Там, где дева жила, вы могли ее знать,—
Ее звали Аннабелл Ли.
Э. А. По
I
Последние августовские дни, пока Исана моталась по городу, пытаясь решить вопрос о жилье, Ли потратил на узнавание, а вернее, на новое знакомство с родными местами. Все было почти так, как сохранилось в его памяти, но тусклее. Ли долго не мог понять, откуда эта тусклость в яркие, нарядные, теплые, еще полностью летние дни, но потом истина ему открылась: уже не было беззаботного детства, не было Лео, с которым жизнь была устойчивой и обеспеченной, а в их двух комнатах жили чужие люди. Куда-то бесследно исчезли многие знакомые лица. Перед Ли лежал узнаваемый, но изуродованный бомбежками и боями город, в котором еще надо было научиться жить.
Пока Исану и Ли приютили добрые соседи. От них и отправился Ли в ту самую школу, куда так и не начал ходить четыре года назад. В пятом классе, куда он определился, было много новых предметов, и его попытка учиться и далее в своем прежнем стиле – не заглядывая в учебники – потерпела крах. В конце первой четверти он получил табель, в котором красовались семь двоек и одна единица. Ли понял, что шутки с образованием закончились и, ничего не говоря о своих проблемах Исане, благо, ей было не до этого, за следующие три четверти выправил занятия и закончил год в числе лучших учеников класса – с двумя тройками – по украинскому языку и чтению, коими он только начал заниматься.
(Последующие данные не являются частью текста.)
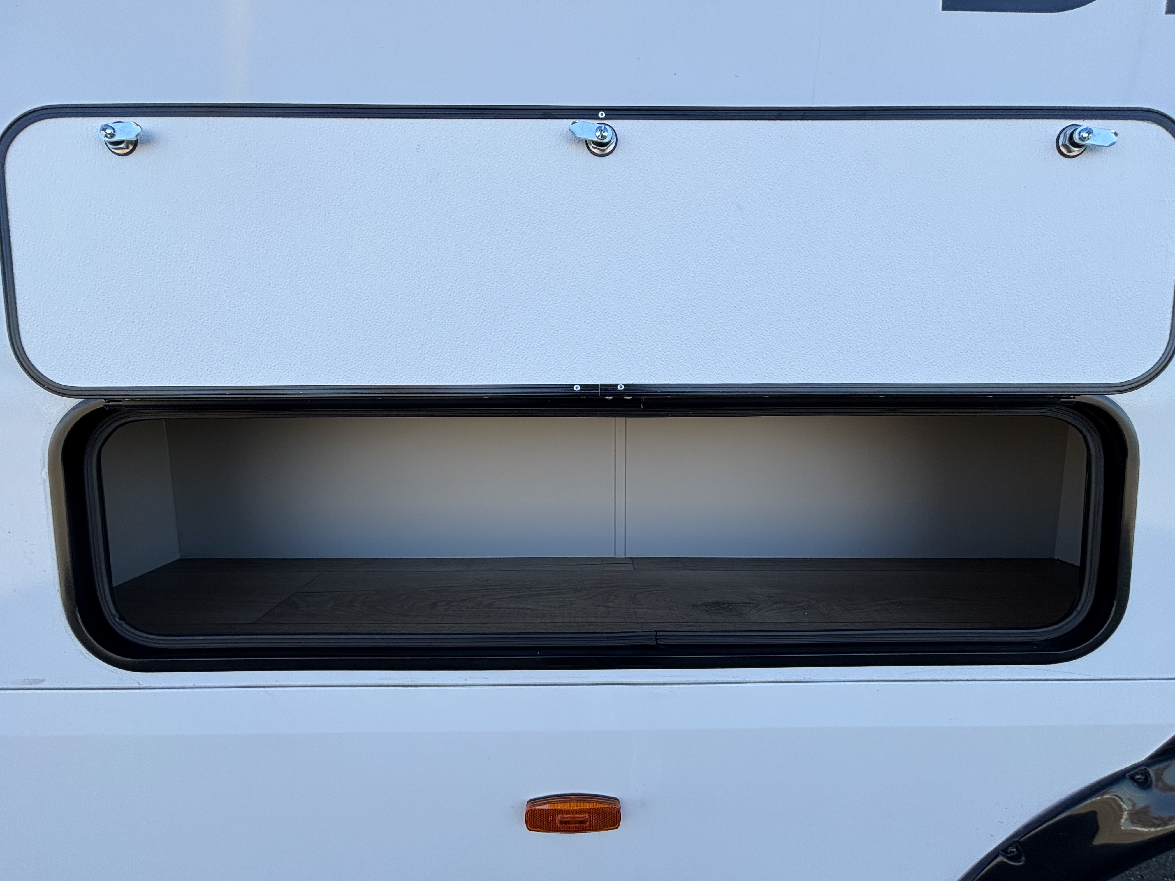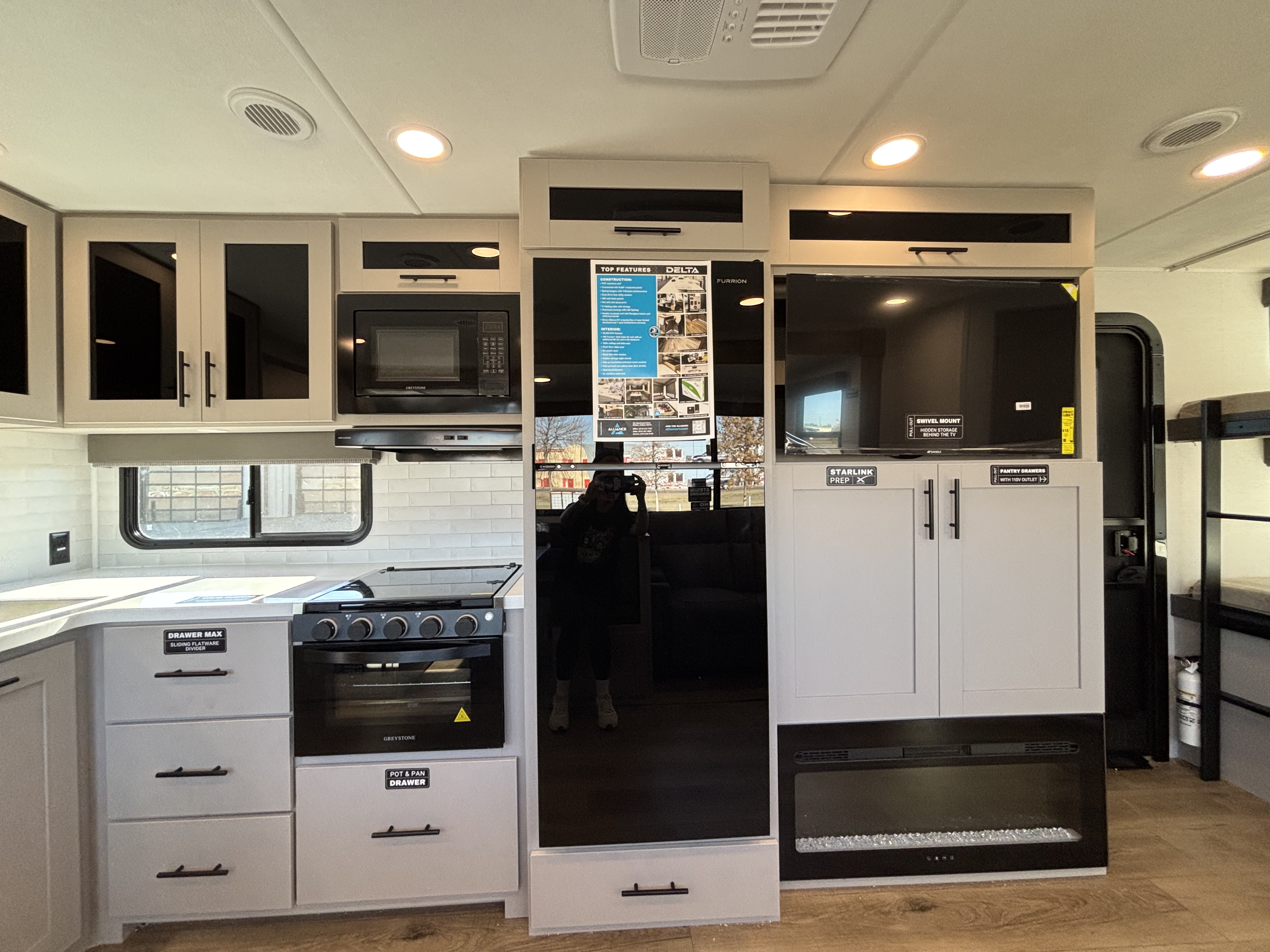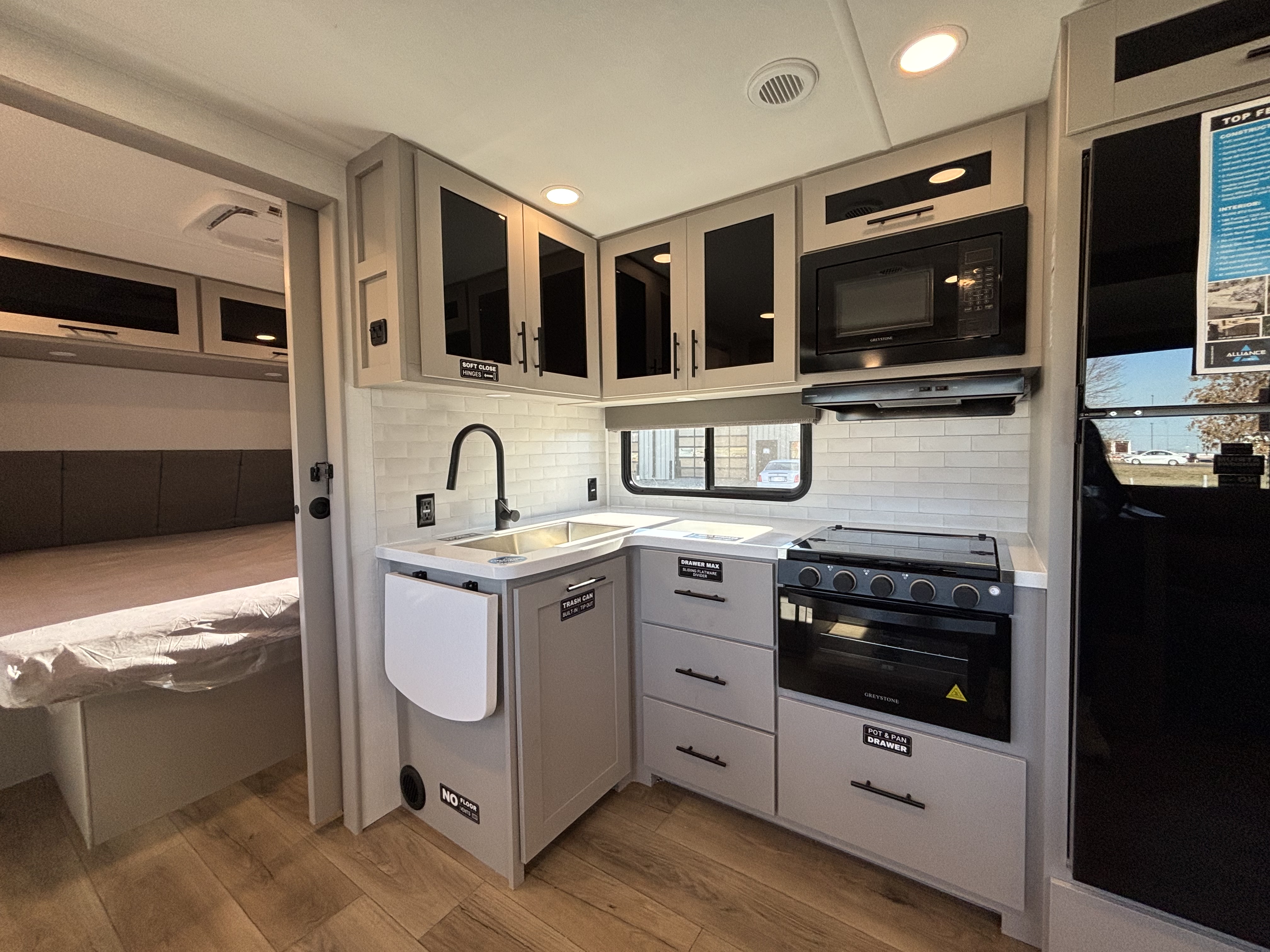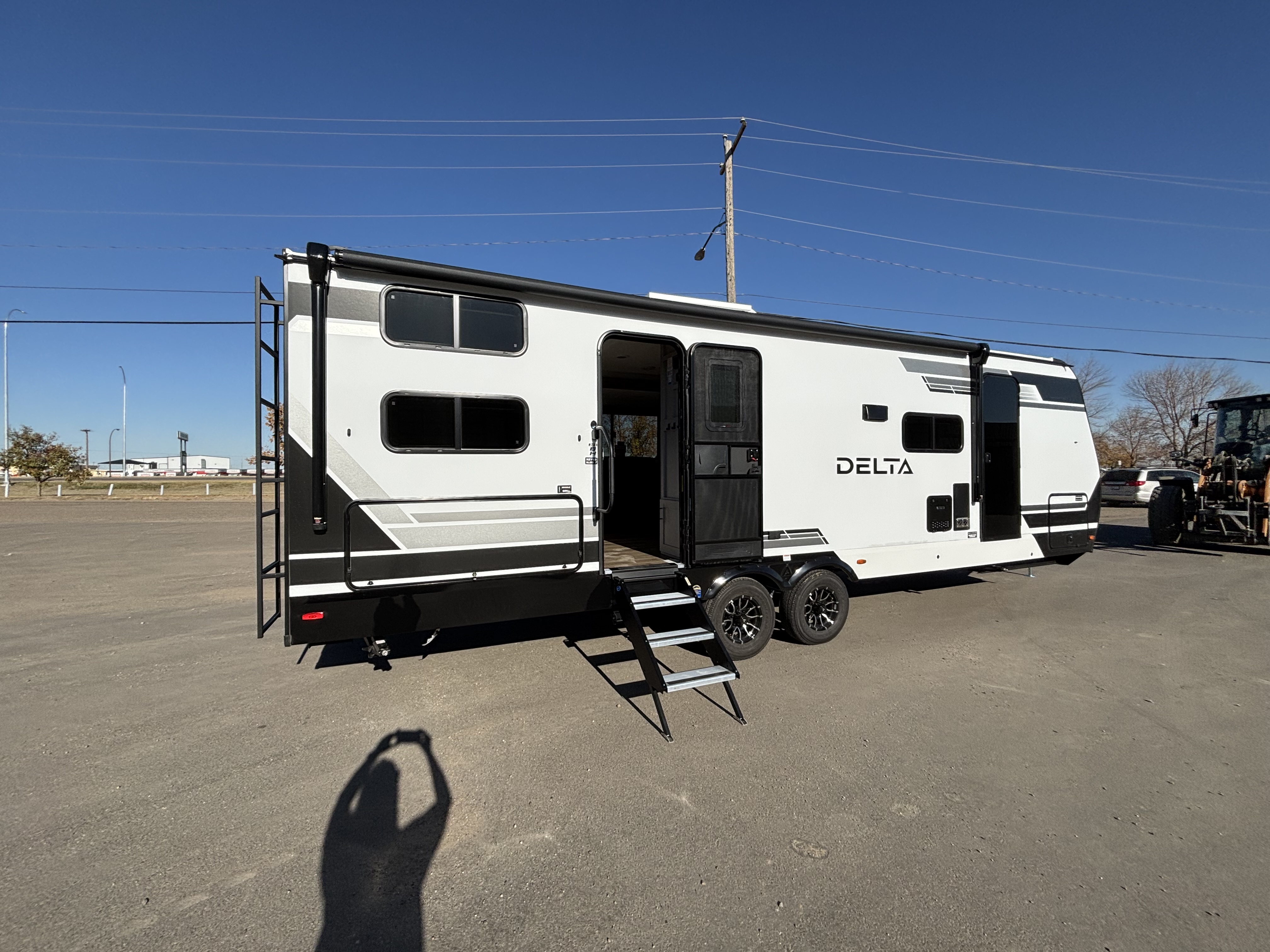 The Delta 281BH is an exceptional family camper that offers the convenience of bunk beds. This stunning model not only provides a private bedroom with a queen-sized mattress, dual wardrobes, and overhead storage, but also caters to the kids' needs. With dual entry doors on each end of the camper, the flow of traffic is seamless and convenient. At the back end of the camper, you'll find a full bathroom that remains accessible even when the slides are in. The living room is designed for relaxation, featuring a sofa slide where you can comfortably watch your favorite shows on the 40" HDTV. In the well-equipped kitchen, all the essentials are at your fingertips, including a 12-volt refrigerator, a 3-burner stovetop and oven, a residential microwave, an industrial sink with a pull-out trash can, and a flip-up extension that provides additional counter space. Opposite the kitchen, the U-shaped dinette offers a versatile space for card games with friends or can be converted into an extra bed when needed.

И город, и среда, в которой очутились Ли и Исана, оказались им явно враждебными. Все инстанции «по закону» признавали их право получить назад жилье, откуда Лео ушел на войну и не вернулся, но никто и пальцем не шевелил, чтобы тот «закон» был исполнен. А в некоторых инстанциях, когда не было «чужих», Исану какой-нибудь «сам» откровенно спрашивал, чего она сюда вернулась, «что вам здесь – Биробиджан, что ли?» Понятно, что через секунду «сам» подскакивал в кресле от отборного мата по его адресу и по адресу всех его близких и дальних родственников с соответствующими пожеланиями – комплексом неполноценности Исана не страдала, – но кроме морального удовлетворения эти демарши ей ничего не приносили.
Имея совесть, они с Ли переселились до решения своих дел в служебное помещение какого-то жилищного управления. Это помещение, часть пола которого была земляной, поступала в их распоряжение на ночь. У одного из довоенных знакомых Исаны оказались старые приложения к журналу «30 дней» – сочинения Джека Лондона и Мопассана, и Ли по томику их перечитал. Лондон помог ему не терять веру в лучшее будущее, уходя хотя бы в мыслях в мир нормальных людей и нормальных представлений о чести и совести, а Мопассан подробно рассказал ему, как люди понимают то, что Ли так рано удалось познать, и какую огромную роль это играет в их многообразных жизнях. Через несколько месяцев гордая, но вконец измученная Исана написала подробное письмо о всех своих мытарствах тете Манечке, а Ли видевший ее муки, по собственной инициативе решил написать о творимой по отношению к ним несправедливости «дедушке Калинину» и даже начал сочинять письмишко «всесоюзному старосте» на одном из уроков – иного письменного стола, кроме школьной парты, у Ли не было. Но проникновенные слова не шли ему на ум, и он надолго застыл над началом письма: «Дорогой дедушка Калинин…». Эту фразу заметил его сосед по парте – переросток Седой – и сказал ему:
– Выкинь свои бумажки и послушай меня: все они, запомни это навсегда, все они – говно, и этот твой «дедушка» тоже говно. Никогда и никому они не помогали и не помогут, только обосрут и сгноят в тюряге любого. Не верь им и ни о чем не проси.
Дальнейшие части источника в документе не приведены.